Another valid question would be: Do we still need the JSON exporter!? As you can find some of these details in the database…correct? Well, not exactly!? I did a quick research and each service container has a socket URI with a port number and the platform internally checks whether it’s up or down; Probably with some kind of pingy-thing. Not for now…We keep it with other interesting SQL statements from a Postgres perspective.

I think it’s about time to explore some things now…
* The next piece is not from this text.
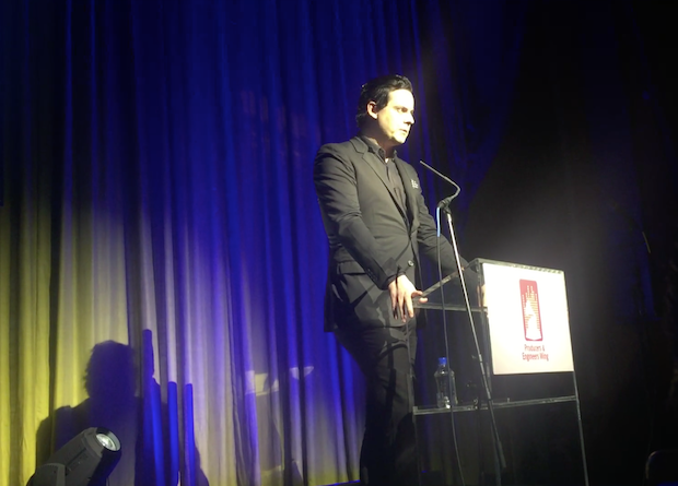 Jack White was honored by The Recording Academy's Producers & Engineers Wing this week as part of the Grammy Week celebration. He's the 10th such person to be honored by that wing of the academy since they started giving out the award in 2007, and he appeared at The Village Studios in West Los Angeles to receive the honor, and he said a few words while he was there. "I had a speech prepared by Kellyanne Conway and Bob Lefsetz, but I forgot it in the car on the way here so I'm just gonna wing it," White opened, before continuing on to talk about his recording production techniques and share a funny story about recording the second White Stripes album with Meg White in his living room. Watch below.

WAIT…STOP!! My great friend ChatGPT comes to the rescue with another approach/advice! Querying the DB from a Grafana standpoint adds load (with a scheduled query) to the tables, does not build a history in a time-series DB (in Prometheus), AND the post after this one will implement alerting from a Prometheus point of view which brings us closer to the metrics fire. So, what we need is the creation of a custom exporter for my specific “counter” queries; This sounds better and is more fun to do! Ok, but a custom exporter still needs to run a query over a scheduled period! Right? Yes, but that’s pure counters which is cheap for performance.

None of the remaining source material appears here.